• TASK STATEMENT
Every line of the listing below should come back exactly as written, with no images.

• GIVEN DATA
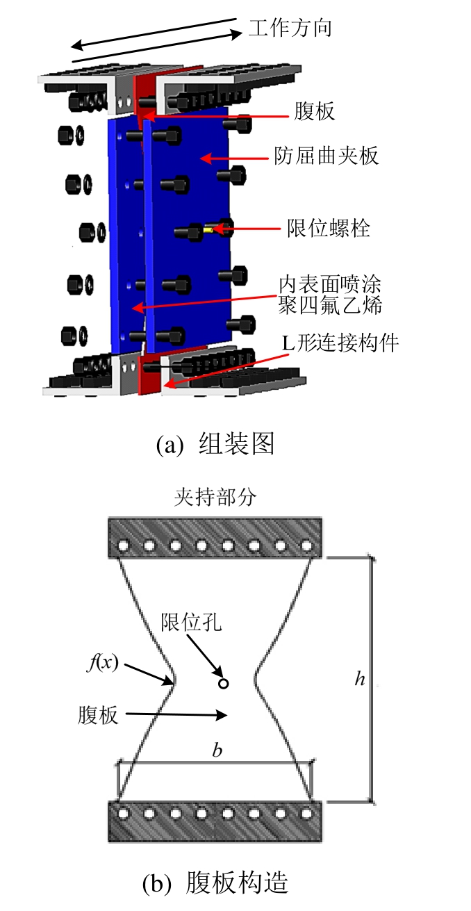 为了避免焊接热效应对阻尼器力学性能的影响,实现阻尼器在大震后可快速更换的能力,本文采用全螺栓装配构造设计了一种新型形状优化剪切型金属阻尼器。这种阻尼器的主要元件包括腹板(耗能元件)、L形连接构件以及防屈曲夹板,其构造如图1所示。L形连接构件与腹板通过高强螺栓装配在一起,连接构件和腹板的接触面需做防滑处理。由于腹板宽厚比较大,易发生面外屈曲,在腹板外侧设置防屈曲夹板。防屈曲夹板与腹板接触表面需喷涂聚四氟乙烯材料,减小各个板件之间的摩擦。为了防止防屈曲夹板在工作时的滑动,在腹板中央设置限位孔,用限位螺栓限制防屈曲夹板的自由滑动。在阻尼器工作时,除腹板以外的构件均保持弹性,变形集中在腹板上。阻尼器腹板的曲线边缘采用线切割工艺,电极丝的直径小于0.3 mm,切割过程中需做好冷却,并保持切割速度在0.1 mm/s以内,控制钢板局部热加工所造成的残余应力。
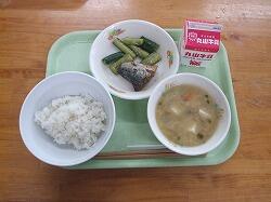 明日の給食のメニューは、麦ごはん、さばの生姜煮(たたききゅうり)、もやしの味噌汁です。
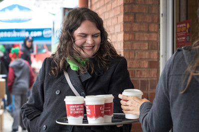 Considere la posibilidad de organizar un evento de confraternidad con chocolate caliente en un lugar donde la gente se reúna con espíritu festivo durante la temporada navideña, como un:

• RESULT OF THIS EXERCISE
 为了避免焊接热效应对阻尼器力学性能的影响,实现阻尼器在大震后可快速更换的能力,本文采用全螺栓装配构造设计了一种新型形状优化剪切型金属阻尼器。这种阻尼器的主要元件包括腹板(耗能元件)、L形连接构件以及防屈曲夹板,其构造如图1所示。L形连接构件与腹板通过高强螺栓装配在一起,连接构件和腹板的接触面需做防滑处理。由于腹板宽厚比较大,易发生面外屈曲,在腹板外侧设置防屈曲夹板。防屈曲夹板与腹板接触表面需喷涂聚四氟乙烯材料,减小各个板件之间的摩擦。为了防止防屈曲夹板在工作时的滑动,在腹板中央设置限位孔,用限位螺栓限制防屈曲夹板的自由滑动。在阻尼器工作时,除腹板以外的构件均保持弹性,变形集中在腹板上。阻尼器腹板的曲线边缘采用线切割工艺,电极丝的直径小于0.3 mm,切割过程中需做好冷却,并保持切割速度在0.1 mm/s以内,控制钢板局部热加工所造成的残余应力。
 明日の給食のメニューは、麦ごはん、さばの生姜煮(たたききゅうり)、もやしの味噌汁です。
 Considere la posibilidad de organizar un evento de confraternidad con chocolate caliente en un lugar donde la gente se reúna con espíritu festivo durante la temporada navideña, como un:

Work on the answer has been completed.